Several practical applications of these techniques will also be discussed.
Dr. Jenq-Neng Hwang received the BS and MS degrees,
both in electrical engineering from the National Taiwan University,
Taipei, Taiwan, in 1981 and 1983 separately. He then received his Ph.D.
degree from the University of Southern California. In the summer of 1989, Dr. Hwang joined the
Department of Electrical and Computer Engineering (ECE) of the University of Washington in Seattle,
where he has been promoted to Full Professor since 1999. He served as the Associate Chair for Research from 2003 to 2005,
and from 2011-2015. He also served as the Associate Chair for Global Affairs from 2015-2020.

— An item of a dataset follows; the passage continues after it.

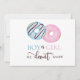 Garoto ou garota que nós rosquinhas conhecemos o cartão revelador de gênero que os itens de correspondência estão disponíveis.

He is currently the International Programs Lead in the ECE Department. Currently, he serves as the Co-Director of Cross-Pacific
AI Initiative (X-PAI) in the College of Engineering (CoE), UW. He is the Founder and Director of the Information Processing Lab.,
which has won several AI City Challenges awards in the past years. He has written more than 450 journal, conference papers and book chapters in the areas of
machine learning, multimedia signal processing, computer vision, and multimedia system integration and networking (my Google citation),
including an authored textbook on "Multimedia Networking: from Theory to Practice," published by Cambridge University Press. Dr. Hwang has close working relationship
with the industry on artificial intelligence and machine learning.
Dr. Hwang received the 1995 IEEE Signal Processing Society's Best Journal Paper Award.
He is a founding member of Multimedia Signal Processing Technical Committee of IEEE Signal
Processing Society and was the Society's representative to IEEE Neural Network Council from
1996 to 2000. He is currently a member of Multimedia Technical Committee (MMTC) of IEEE Communication
Society and also a member of Multimedia Signal Processing Technical Committee (MMSP TC) of IEEE Signal Processing Society.
He served as associate editors for IEEE T-SP, T-NN and T-CSVT, T-IP and Signal Processing Magazine (SPM).
He served as the General Co-Chair of 2021 and 2022 IEEE World AI IoT Congress,
Seattle, WA. He also served as the Program Co-Chair of IEEE ICME 2016 and was the Program Co-Chairs of ICASSP 1998 and ISCAS 2009.
Dr. Hwang is a fellow of IEEE since 2001.